Alste Janßen: Mich begeistert am Thema Ernährung die Vielseitigkeit, das ständig Neue und die Möglichkeiten, wie viel sich durch eine Umstellung der Ernährung erreichen lässt. In den über 30 Jahren hat sich in der Diätetik so viel getan. Früher gab es noch organbezogene Diäten wie die Leber- oder Magenschonkost. Auch die Reduktionskost war sehr dogmatisch mit rigiden Vorschriften. Heute verfügen wir über ganz andere Therapieansätze, erkennen psychologische Hintergründe und wir haben vielseitigere Lebensmittel und Nahrungsergänzungsmittel zur Verfügung. Ernährung bedeutet „lebenslanges Lernen“ – wie auch die klassische Homöopathie. Und das gefällt mir.

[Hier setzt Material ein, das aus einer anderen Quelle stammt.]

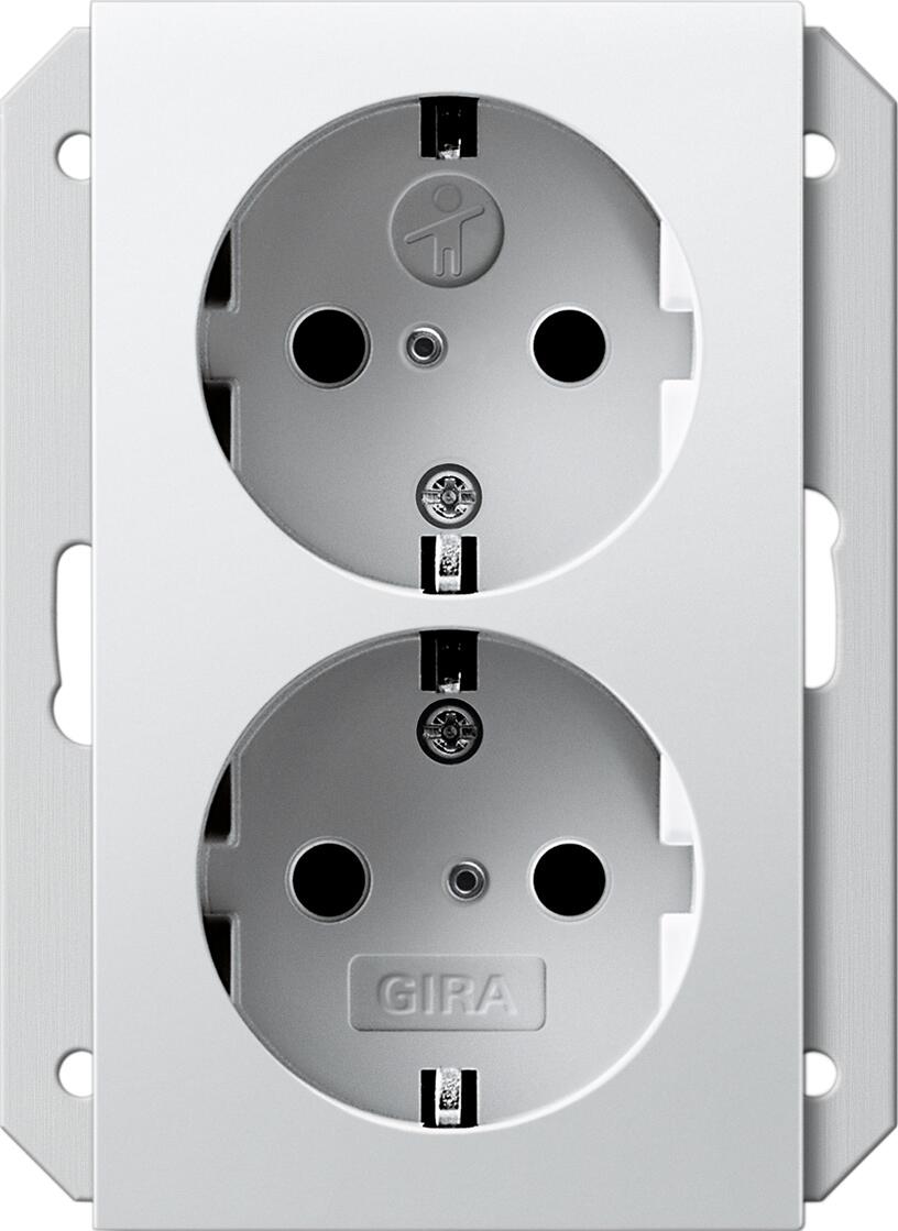Gira 273526 SCHUKO-Doppelsteckdose 16 A 250 V~ mit integriertem erhöhten Berührungsschutz (Shutter) und Symbol für Unterputz-Gerätedose 1,5fach, Syste

Sagt das Wie der Ernährung etwas über unsere Lebenseinstellung aus?
Alste Janßen: Ja, das sagt es. Es soll meist husch husch und schnell gehen. Essen ist zu der wichtigsten Nebensache der Welt geworden. Koch- und Ernährungssendungen füllen das Fernsehprogramm, doch in der eigenen Küche wird wenig davon umgesetzt. Der Bezug zu Lebensmitteln verliert sich in den riesigen Angeboten der Supermärkte. Es gibt 248 Joghurtmarken, von denen allein „Ehrmann“ mit 88 Produkten die Regale füllt. Wer soll sich da noch auskennen? Dabei ist Joghurt an sich ein sehr gesundes Lebensmittel. Ich meine den stichfesten Naturjoghurt, mit positiver Wirkung auf die Darmflora, den es aber leider nur noch von zwei Firmen gibt. Da landet man schnell von dem „Wie“ zu dem „Was“.
Essen ist oft mehr als Essen: wie hängen unsere Psyche und unser Essen zusammen?
Alste Janßen: Häufig haben essgestörte Menschen die gleichen Themen, egal ob unter- oder übergewichtig. Beide sind auf ihre Art mangelernährt. Geringes Selbstwertgefühl, geringe Konfliktfähigkeit oder traumatische Erlebnisse sind nur einige Gründe, wieso wir zu viel oder zu wenig Hunger empfinden. Essen und Psyche ist ein Wechselspiel zwischen Kopf und Bauch.
Einfacher ist es bei kognitiven Reizen. Wie bei dem Pawlow‘schen Reflex (Hund hört beim Fressen immer einer Glocke. Kurze Zeit später fängt er beim Läuten der Glocke auch ohne Fressen an zu sabbern) reagieren wir auf simple Reize. Esse ich beim Fernsehen Chips, habe ich im Umkehrschluss jedesmal Appetit auf Chips, wenn ich abends die Tagessschau sehe. Solche fiesen Fallen gilt es im Alltag zu erkennen und zu ändern.